Segundo informações da gerência, Paulo não se adaptou ao benefício que conseguiu por desacato às condicionantes. O dinheiro do Bolsa Moradia deve ser utilizado para pagamento do aluguel de um imóvel, mas o casal não teria quitado a taxa e desapareceu.
A esposa de Paulo está morando numa casa mantida por uma Organização Não Governamental (ONG). Ainda de acordo com a gerência, os irmãos continuam sendo assistidos por técnicos da regional Noroeste. De acordo com Denise, a fiscalização e o trabalho de abordagem nessas áreas é permanente.
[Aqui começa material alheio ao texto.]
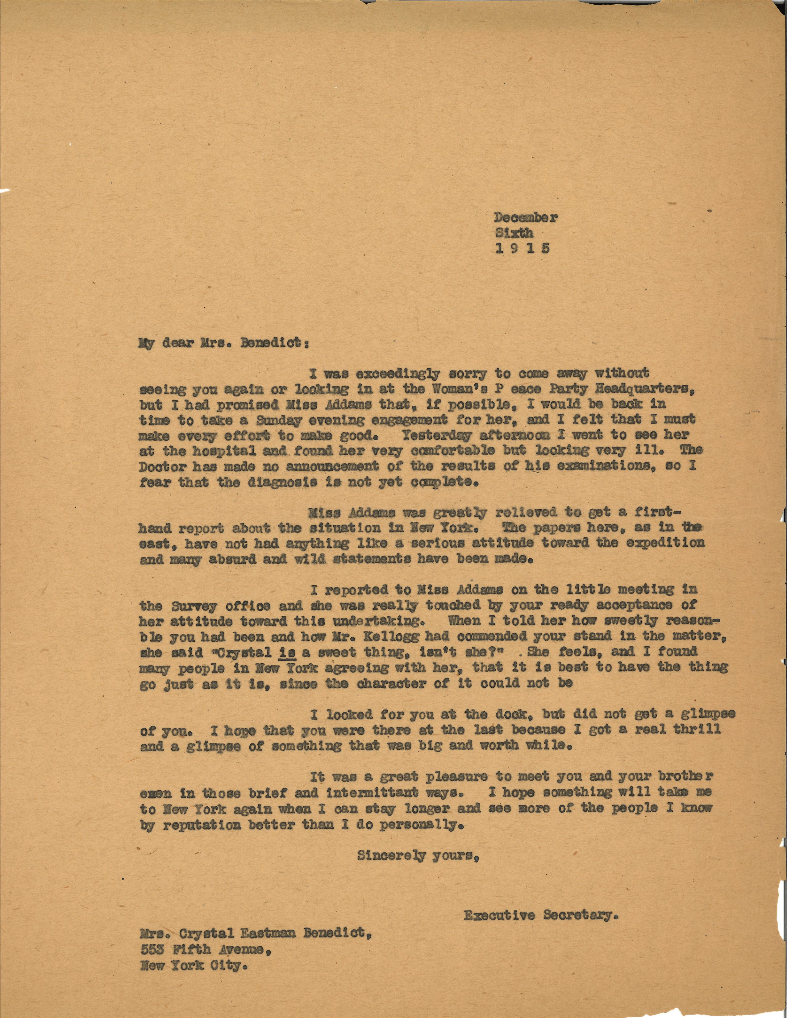 I reported to Miss Addams on the little meeting in the Survey offices and she was really touched by your ready acceptance of her attitude toward this undertaking. When I told her how sweetly reasonable you had been and how Mr. Kellogg had commended your stand in the matter, she said "Crystal is a sweet thing, isn't she?" She feels, and I found many people in New York agreeing with her, that it is best to have the thing go just as it is, since the character of it could not be.

De acordo com Claudenice Lopes, membro da Colegiada da Pastoral de Rua, as ações de atendimento aos moradores de rua ainda se situam em um nível básico e não garante a todos a capacidade de reinserção por meio de uma atividade profissional ou moradia.
Ela também critica o serviço de limpeza da prefeitura, que retira os pertences dessas pessoas das calçadas.
Conforme informou Denise Magalhães, cerca de 253 famílias recebem hoje o benefício do Bolsa Moradia e são oferecidas a elas várias atividades como oficinas de salgados, mosaico, produção de blocos. Também podem utilizar um centro de referência com telecentro para inclusão digital.
Falta de referência dificulta reinserção
Segundo estudo estatístico realizado em 2005 pela Secretaria Municipal de Assistência Social, há em Belo Horizonte 1.239 moradores de rua. Os irmãos Paulo e Edson dos Santos são um retrato dessa população.
De acordo com a antropóloga Liliane Souza, especialista em antropologia urbana e professora do Centro Universitário Newton Paiva, a falta de referência pessoal e civil são traços marcantes dessas pessoas, que em geral sofrem com os problemas da falta de absorção de mão de obra, violência de todo tipo e com a ausência de suporte do governo, que não dá conta de atender a toda a demanda.
Edson dos Santos é analfabeto, mora na rua, não possui endereço fixo, não sabe o nome dos governantes da cidade e do Estado, votou pela última vez em 1994 e já não se reconhece na foto jovem da carteira de identidade, guardada junto com os outros documentos.
Segundo Liliane, o caos no qual essas pessoas vivem e a falta de uma rotina fazem com que eles não consigam se organizar ou ordenar o próprio espaço. Um dos riscos que eles podem sofrer, depois de muito tempo na rua, segundo a antropóloga, é a dificuldade de reinserção social, que só será garantida se houver apoio e assistência.